◆ About this exercise ◆
Exact copy, no pictures: return only the lines below from the line with "Blazer noir de" up to and including the line with "井上栄養教諭によると、このう".

[Data excerpts]
--------------------------------------------------

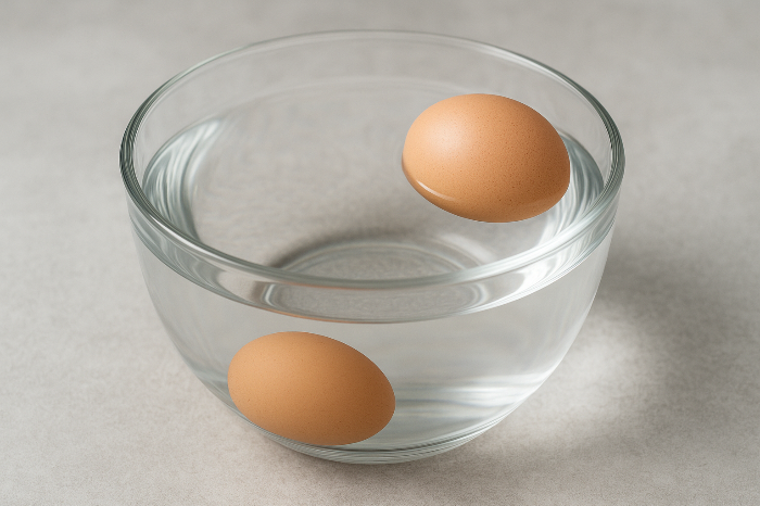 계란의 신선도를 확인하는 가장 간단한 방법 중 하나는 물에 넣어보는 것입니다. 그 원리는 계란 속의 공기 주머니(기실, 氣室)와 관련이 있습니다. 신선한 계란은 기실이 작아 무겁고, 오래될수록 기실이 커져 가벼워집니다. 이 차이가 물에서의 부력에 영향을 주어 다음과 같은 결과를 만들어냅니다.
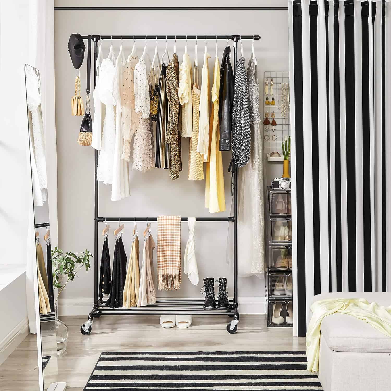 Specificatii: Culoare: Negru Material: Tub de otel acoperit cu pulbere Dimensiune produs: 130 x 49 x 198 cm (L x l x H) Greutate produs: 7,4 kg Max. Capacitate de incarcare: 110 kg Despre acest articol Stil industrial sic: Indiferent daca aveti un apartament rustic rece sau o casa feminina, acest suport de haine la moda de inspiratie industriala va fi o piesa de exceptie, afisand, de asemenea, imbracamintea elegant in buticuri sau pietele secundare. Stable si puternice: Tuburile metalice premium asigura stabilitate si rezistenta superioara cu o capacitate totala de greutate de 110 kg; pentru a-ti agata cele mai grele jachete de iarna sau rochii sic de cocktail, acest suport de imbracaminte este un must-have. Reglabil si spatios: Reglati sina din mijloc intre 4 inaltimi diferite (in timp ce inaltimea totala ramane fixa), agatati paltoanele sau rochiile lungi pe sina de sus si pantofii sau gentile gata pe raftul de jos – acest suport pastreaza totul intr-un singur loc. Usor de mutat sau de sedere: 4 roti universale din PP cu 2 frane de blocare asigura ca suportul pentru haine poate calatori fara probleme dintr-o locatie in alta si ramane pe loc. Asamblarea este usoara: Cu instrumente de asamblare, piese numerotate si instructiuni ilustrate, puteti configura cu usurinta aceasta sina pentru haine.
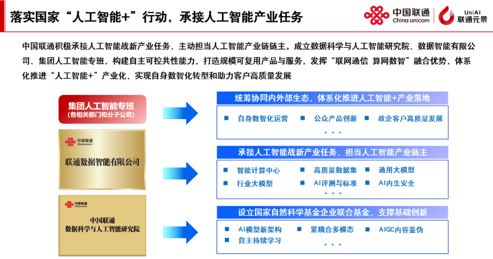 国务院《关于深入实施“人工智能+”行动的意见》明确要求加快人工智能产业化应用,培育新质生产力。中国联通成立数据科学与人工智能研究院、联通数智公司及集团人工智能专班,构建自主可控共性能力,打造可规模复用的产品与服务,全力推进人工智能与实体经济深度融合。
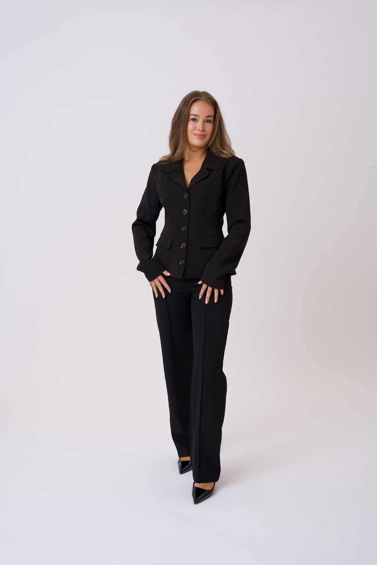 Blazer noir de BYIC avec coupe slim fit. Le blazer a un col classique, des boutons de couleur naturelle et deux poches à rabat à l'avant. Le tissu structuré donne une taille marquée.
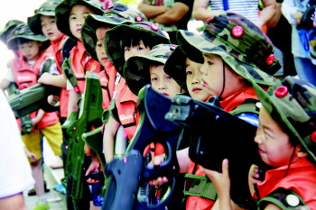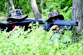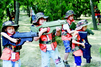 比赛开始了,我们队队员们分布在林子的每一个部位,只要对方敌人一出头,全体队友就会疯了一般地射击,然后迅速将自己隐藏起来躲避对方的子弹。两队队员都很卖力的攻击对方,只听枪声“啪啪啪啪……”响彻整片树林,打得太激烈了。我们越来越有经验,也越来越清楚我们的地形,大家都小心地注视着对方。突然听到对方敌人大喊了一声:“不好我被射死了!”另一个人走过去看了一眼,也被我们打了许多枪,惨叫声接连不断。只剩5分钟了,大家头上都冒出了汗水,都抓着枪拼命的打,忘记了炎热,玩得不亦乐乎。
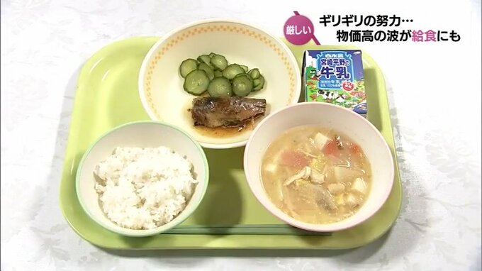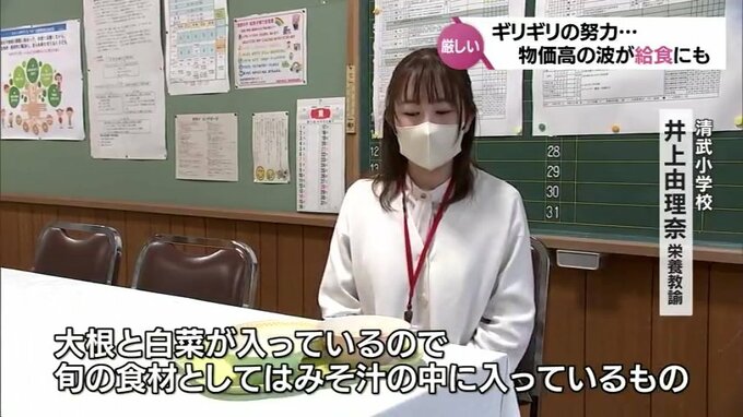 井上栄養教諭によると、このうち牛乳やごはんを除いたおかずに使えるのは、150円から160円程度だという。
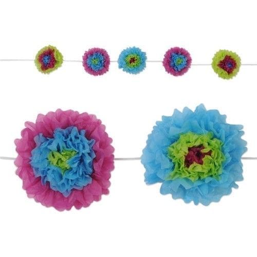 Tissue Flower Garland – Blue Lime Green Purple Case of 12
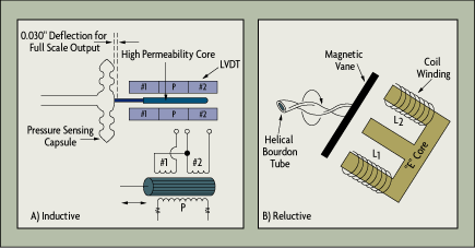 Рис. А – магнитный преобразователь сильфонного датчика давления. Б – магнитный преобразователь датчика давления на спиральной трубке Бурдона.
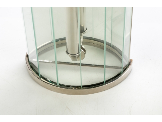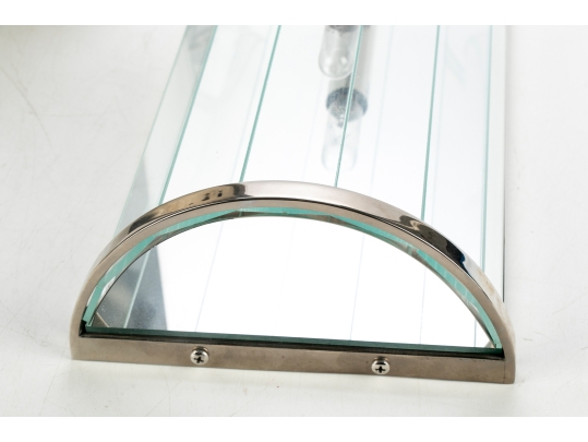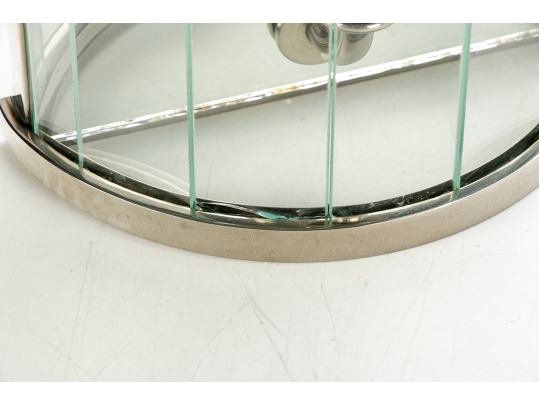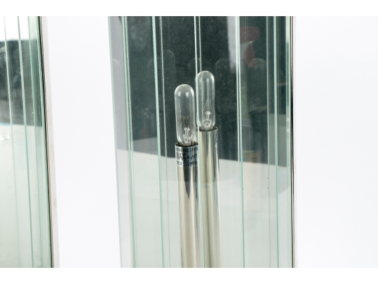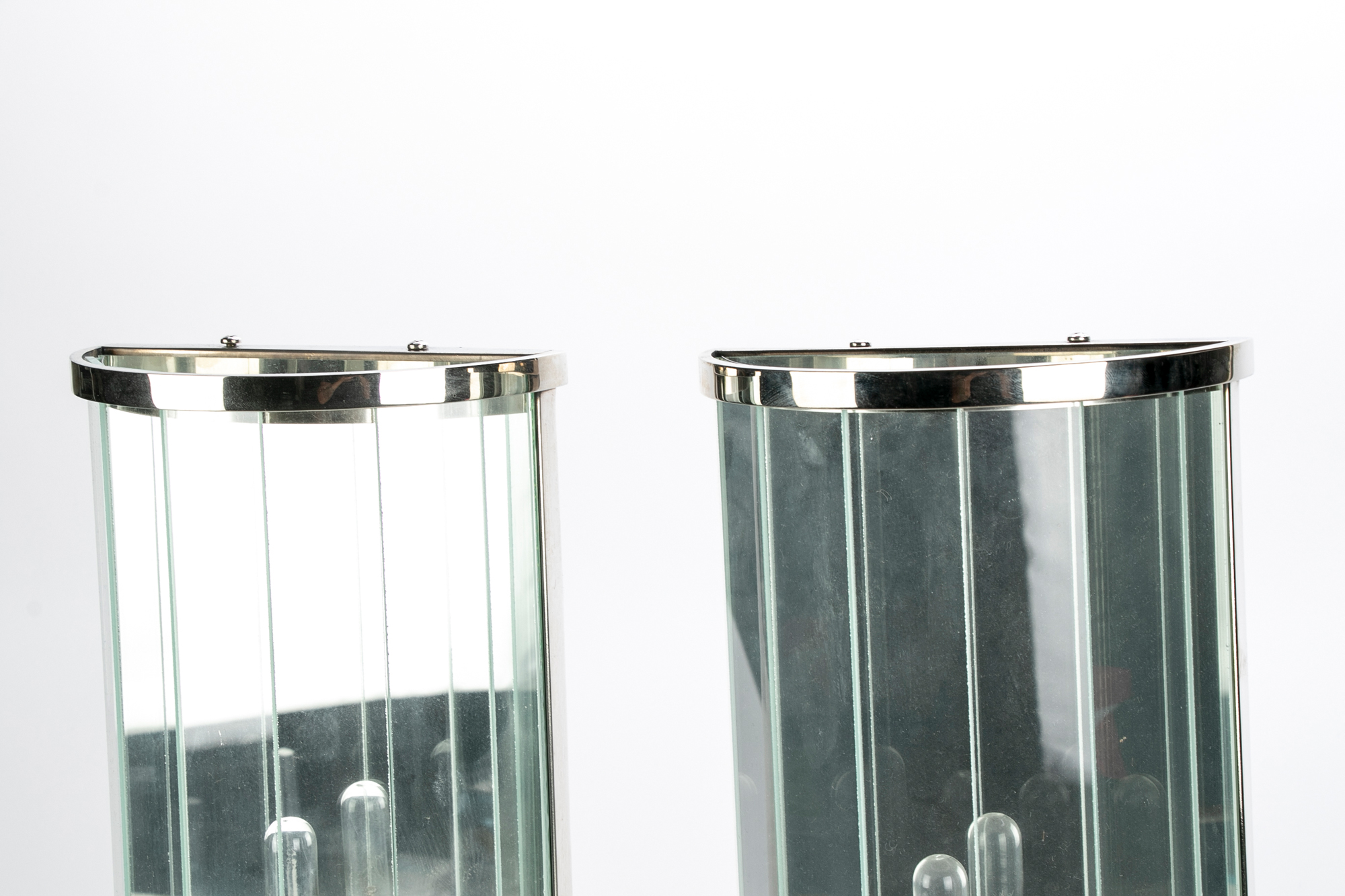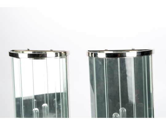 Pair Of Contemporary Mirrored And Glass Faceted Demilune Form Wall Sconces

--------------------------------------------------

◆ Answer for this exercise ◆
 Blazer noir de BYIC avec coupe slim fit. Le blazer a un col classique, des boutons de couleur naturelle et deux poches à rabat à l'avant. Le tissu structuré donne une taille marquée.
 比赛开始了,我们队队员们分布在林子的每一个部位,只要对方敌人一出头,全体队友就会疯了一般地射击,然后迅速将自己隐藏起来躲避对方的子弹。两队队员都很卖力的攻击对方,只听枪声“啪啪啪啪……”响彻整片树林,打得太激烈了。我们越来越有经验,也越来越清楚我们的地形,大家都小心地注视着对方。突然听到对方敌人大喊了一声:“不好我被射死了!”另一个人走过去看了一眼,也被我们打了许多枪,惨叫声接连不断。只剩5分钟了,大家头上都冒出了汗水,都抓着枪拼命的打,忘记了炎热,玩得不亦乐乎。
 井上栄養教諭によると、このうち牛乳やごはんを除いたおかずに使えるのは、150円から160円程度だという。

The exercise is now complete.